26th Dec 2012, 13:40
It's not the smell of them I object to, it's the sound they make. I prefer a quiet vegetable, like the kohl rabi.

26th Dec 2012, 15:23
One thing I know from my veg packing days, the worst ones get bagged, always buy loose and wash well!

:D :D :D

Thanks Clare !!! Nice to have a professional opinion !!!

wings folded
26th Dec 2012, 15:42
It's been a while since I stirred up con pilot, and this seems like a good moment.

Brussel sprouts

Only buy them after the first frosts. Buy them from a local producer; never from a supermarket. Choose small ones.. Peel off the first two layers of leaf. Remove the hard stalk, and make a cross cut in the heel of the beastie. Boil for a few minutes in a large pan, drain and reboil till they are done. While all of that is going on, stew some red onions with bacon shreds (known as lardons to some, smoked is even better).

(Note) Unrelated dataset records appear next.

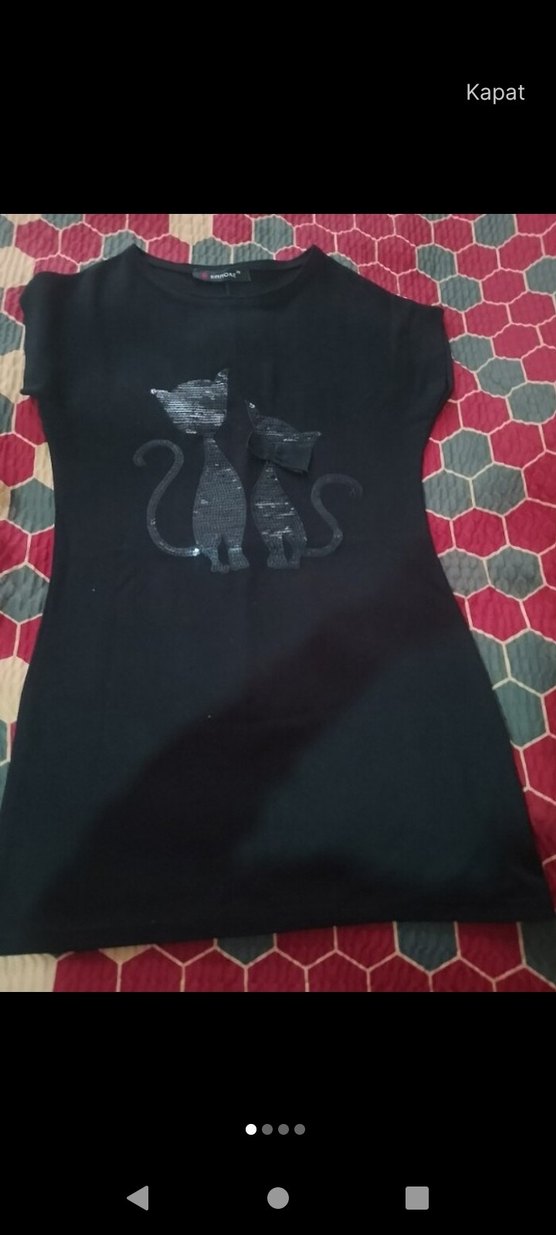 Koyu siyah renkte örgü kumaştan, önünde iki kedi silueti baskılı sokak stili tişört.
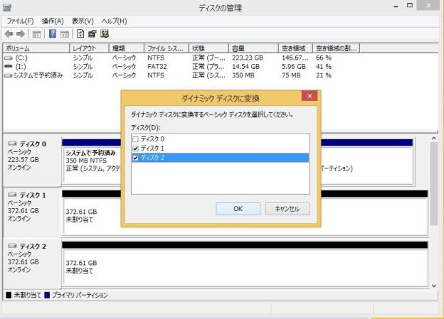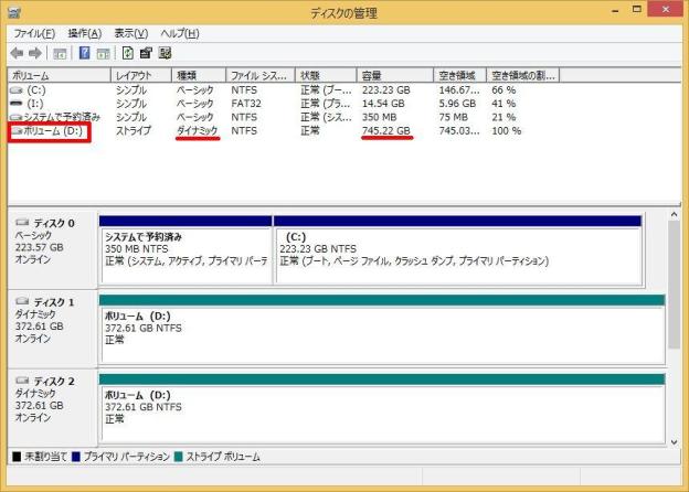 ダイナミックディスクに変換するとストライプボリュームが組める
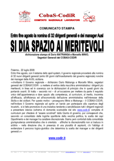 • Nomine dirigenti generali: si dia spazio ai meritevoli (comunicato stampa)
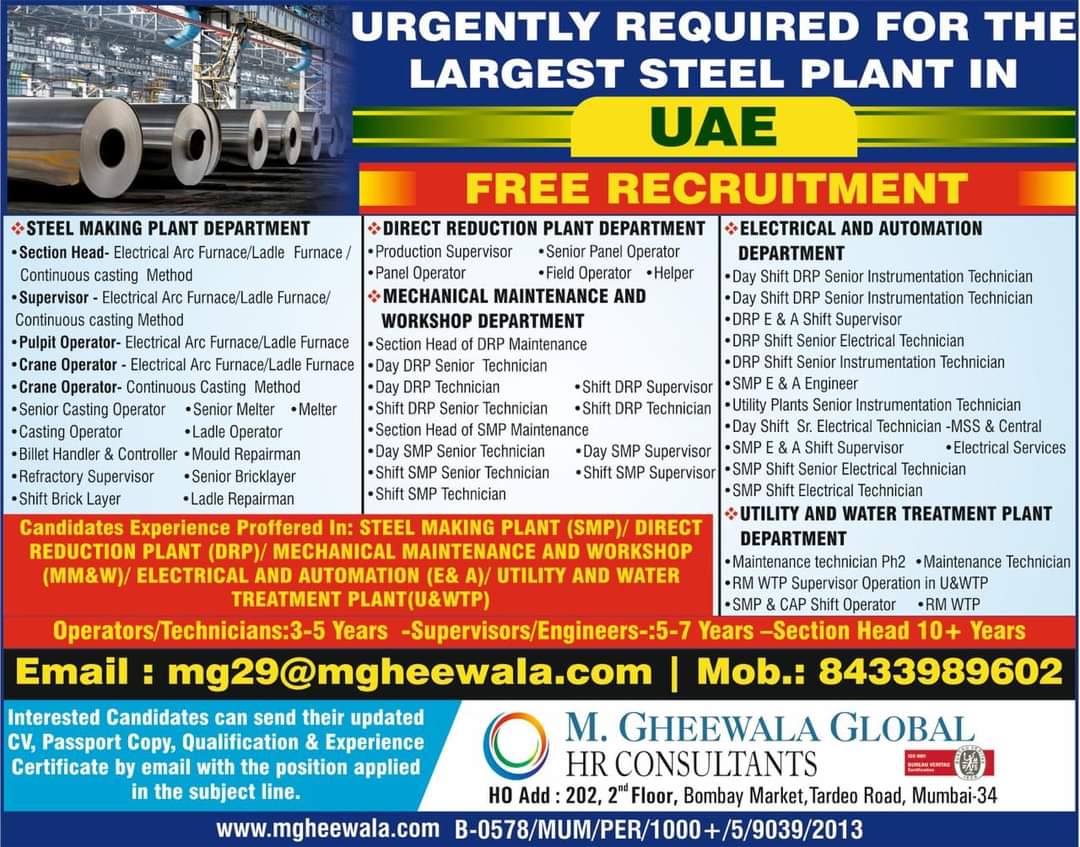 Candidates Experience Proffered In: STEEL MAKING PLANT (SMP)/ DIRECT
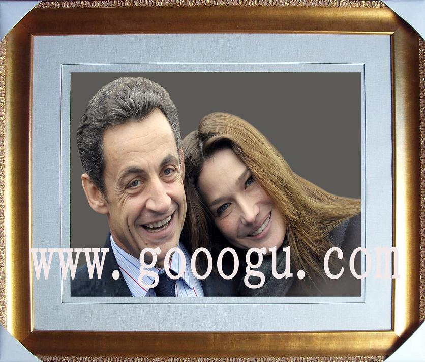 人物刺繡肖像訂制 法國總統(tǒng)薩科奇及夫人布呂尼人物照片刺繡照 手工刺繡
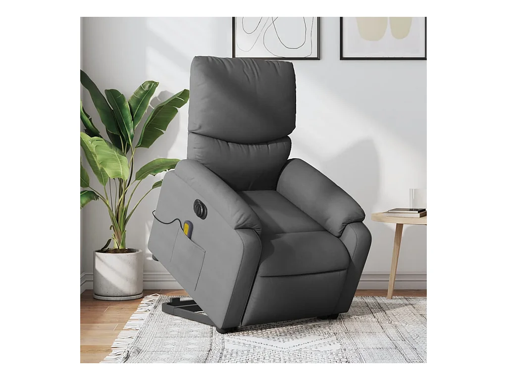 Sillón de masaje eléctrico reclinable elevable tela gris oscuro YOE87664
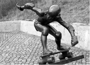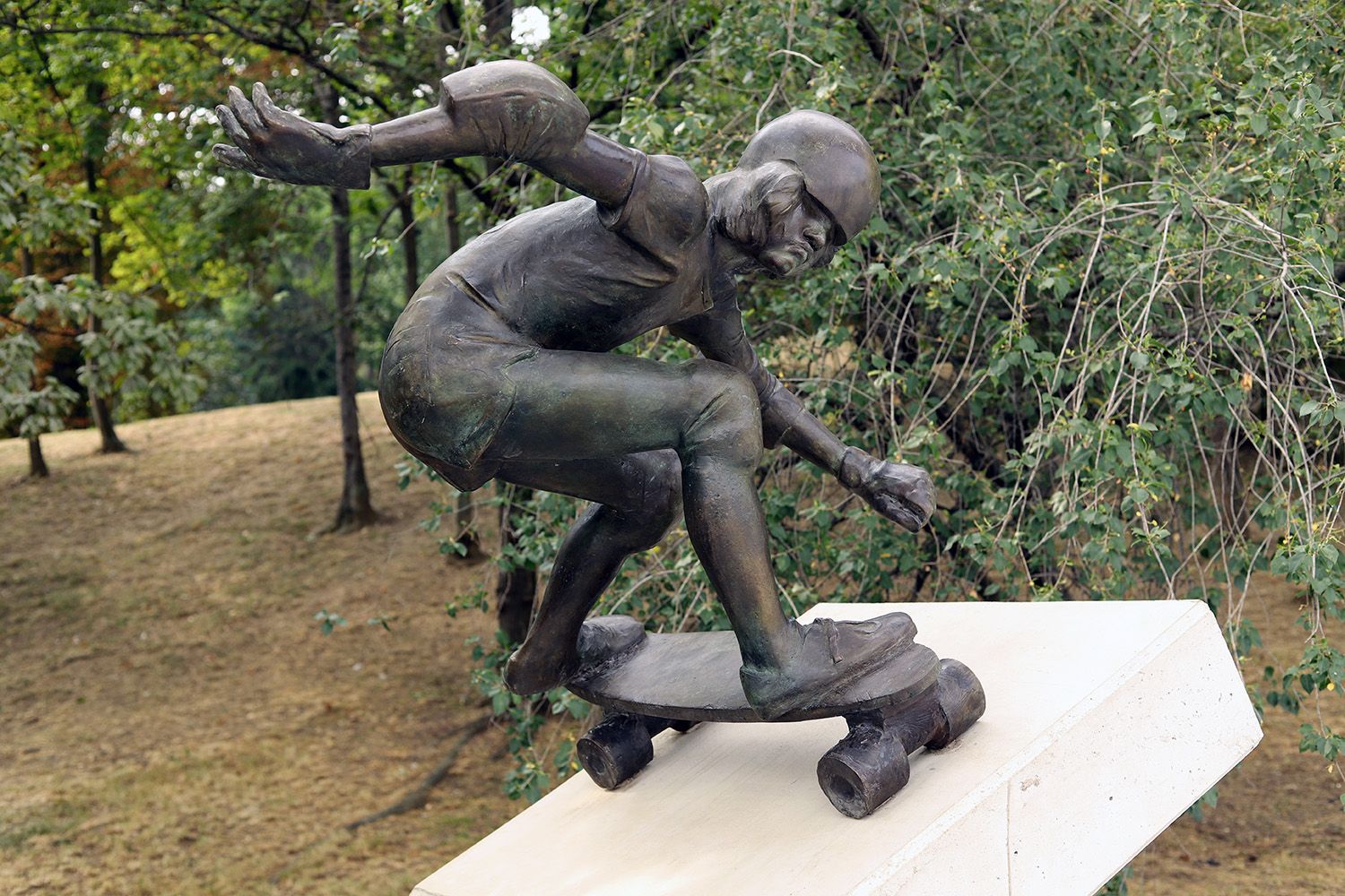 Plastika Skateboardista (v dobových záznamech uváděna pod názvem Kluk) byla u nově vybudovaného skate parku znovuosazena v srpnu roku 2022. Plastika byla v roce 2008 po poškození (uřezání rukou sběrači kovů) demontována a uložena v depozitáři. V roce 2021 byla za účasti autora zrestaurována a byly doplněny znovu vymodelované ruce. Na opravu plastiky byla vypsána veřejná sbírka ve které byla vybráno 250 000 Kč. Jedná se o první sochu zobrazující skateboarding na světě.

Whack all of it into a frying pan with a large knob of butter, and warm until the butter melts. A degree of salt and a stupid amount of pepper is called for.

The taste is fine, delicate; the dreaded aftermath flatulence is not a factor, and according to those who waste their lives following such issues, there are antioxydant, or soemething like that, properties which are, it would seem, good for you.

Couldn't give a shit about the latter, they just taste good done this way.